The cornea acts as the eye’s primary tissue to bend (refract) light, being responsible for approximately 70% of the eye’s total refractive power. When light enters the eye, it first passes through the cornea, which refracts the light rays with the lens to focus them on the retina, where light is converted into neural signals for the brain to interpret as an image. The cornea must remain transparent and regularly shaped to transmit and refract light efficiently. Any opacities or irregularities in the cornea can lead to distorted vision.

Corneal dystrophies are a group of hereditary disorders limited to the cornea, most often characterized by the abnormal accumulation of material in its layers, which can lead to visual impairment. These diseases are usually bilateral, but there can be differences in the progression of the dystrophy between the eyes. In recent years, significant progress has been made in identifying the causative genes behind inherited corneal dystrophies [1]. The International Committee for the Classification of Corneal Dystrophies (IC3D) was created in 2005 to develop a classification system integrating information on phenotype, histopathology, and genetic data. Recently, the committee published the 3rd edition of the classification, including now 22 entities [2].

In this issue, Braddock et al. [3] present an autosomal dominant corneal stromal dystrophy in a pedigree with eight affected individuals in three generations. They found a very likely pathogenic variant in a new causative gene, SPARCL1. The affected individual had diffuse haze in the corneal stroma (the middle, thickest cellular layer of the cornea). Other corneal layers as well as other parts of the eye were unaffected, making it the possible 8th corneal stromal dystrophy. Corneal findings resemble pre-Descemet corneal dystrophy (PDCD) so far without known genetic cause [2], but the authors note that the haze was present in the anterior and mid-stroma, whereas PCCD, as its name indicates, is located in the posterior stroma, making the authors’ dystrophy likely a new entity. Braddock et al. excluded variants from all known corneal dystrophy genes and identified a segregating missense variant in the SPARCL1 gene, which has not been previously linked to any corneal dystrophy. Interestingly, SPARCL1 stimulates the expression of decorin [4], a known gene behind congenital stromal corneal dystrophy (CSCD), making this gene functionally a plausible cause for the new dystrophy.

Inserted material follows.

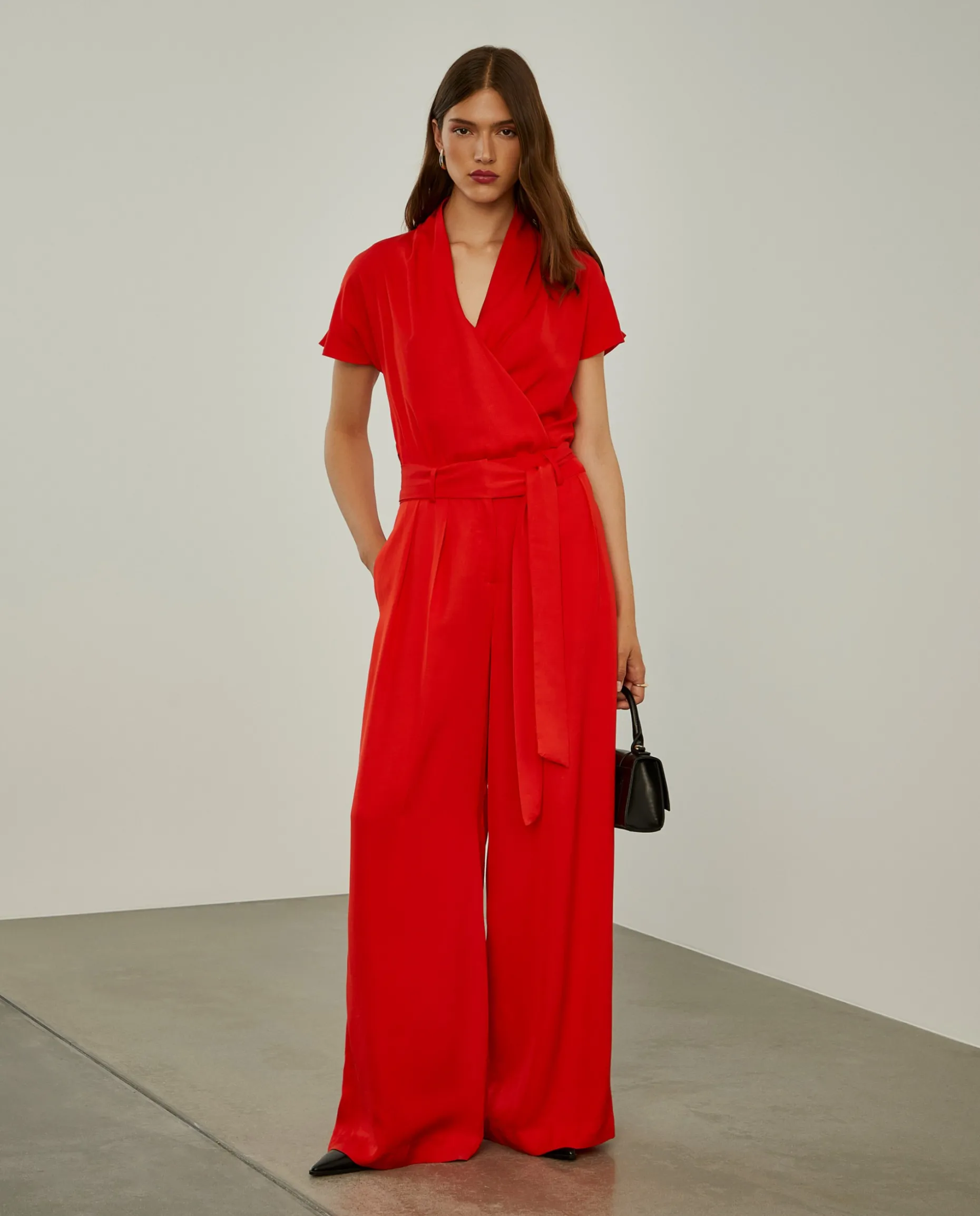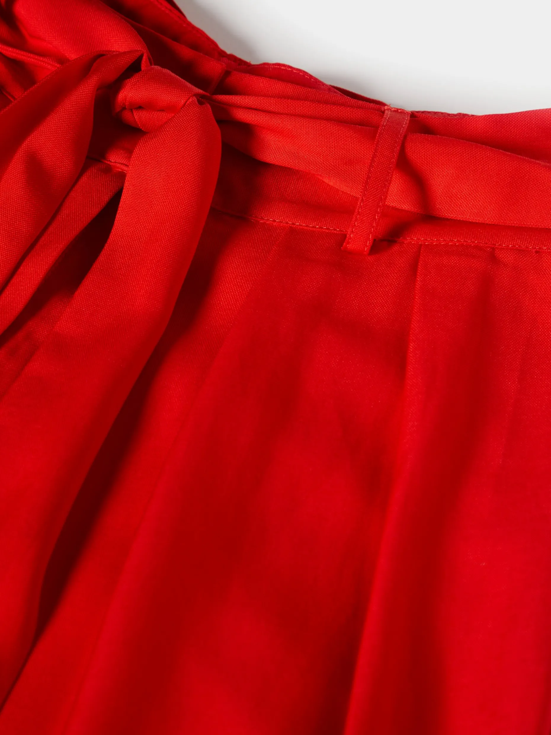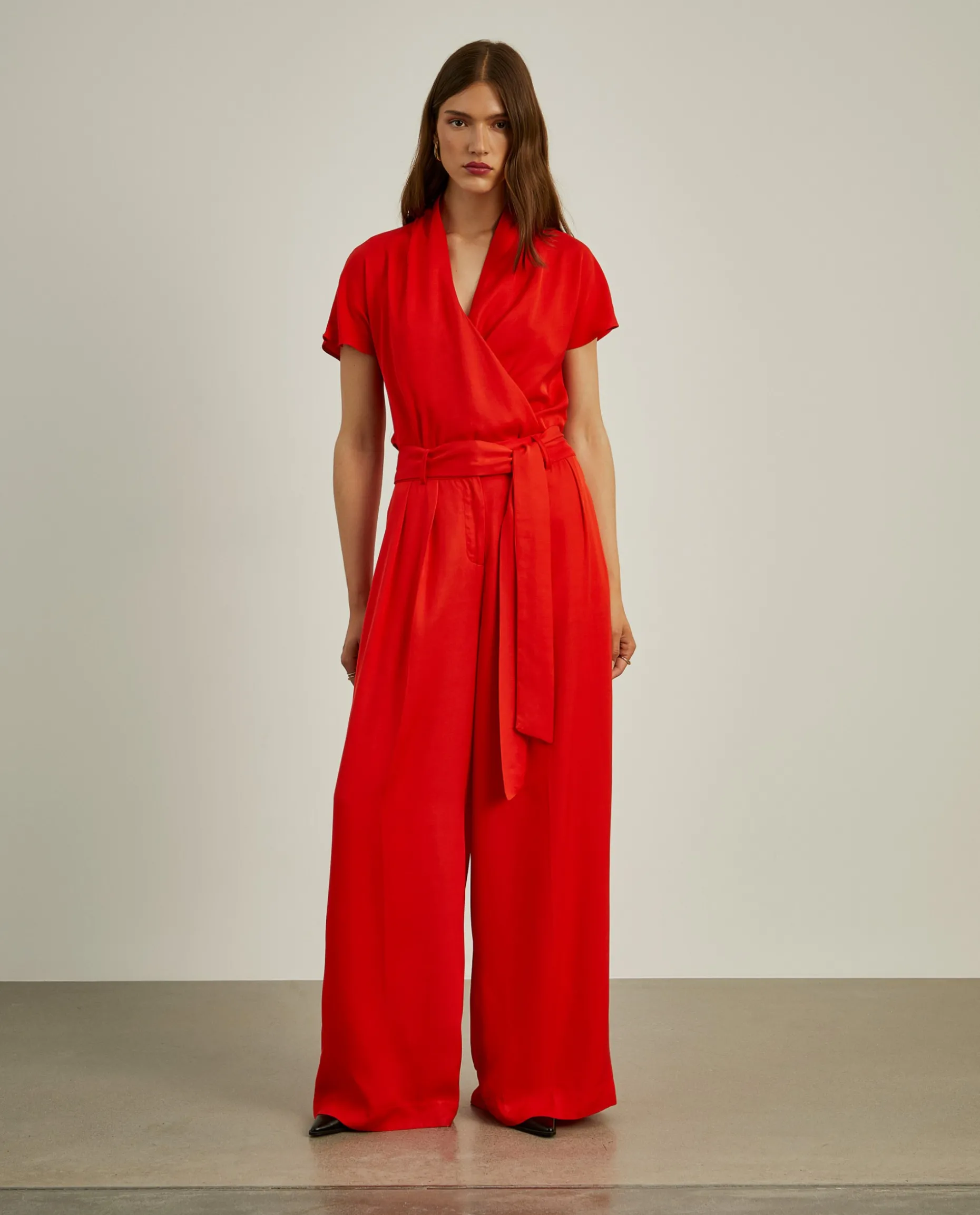 Calças cullote, leves e fluidas, com pregas na frente e cinto em tecido para dar laçada a gosto. Além do cinto, também fecham com botão, guto e fecho de correr ocultos por carcela. Uma escolha versátil e elegante, adaptando-se facilmente a várias ocasiões, consoante a conjugação. Para um total look, veja também a blusa da mesma coleção.

The stop-codon-introducing variants in the DCN gene result in the production of an abnormally short version of the decorin protein, which disrupts normal collagen structure and function within the corneal stroma, affecting its transparency [5]. In their paper, the authors show immunohistochemical data about the localization and expression levels of these two proteins; decorin was downregulated in the affected stroma, but SPARCL1 was upregulated in the epithelial layer, which is not the pathologically affected layer. DCN is also lost together with keratocan (KERA), lumican (LUM), and epiphycan (EPYC) in posterior amorphous stromal dystrophy (PACD), which is characterized by stromal opacities in the first decade of life [6]. It is hoped that research will continue and show precisely how SPARCL1 protein may affect decorin and other stromal molecular components.

The variant and gene, SPARCL1, indeed is a possible cause for new corneal dystrophy, but because only one family is presented, we need to wait for new unrelated affected patients with pathogenic variants in the same gene to emerge. Therefore, this article is important so that inherited corneal dystrophy researchers can now examine the SPARCL1 gene in their genetically unsolved samples, and the gene can be added to clinical gene panels. The future will show whether this finding is ultrarare or rather turns out to be a frequent cause of stromal dystrophy. Further, because the phenotype had a relatively late onset, it is interesting to see the evolving phenotypic spectrum of this corneal dystrophy.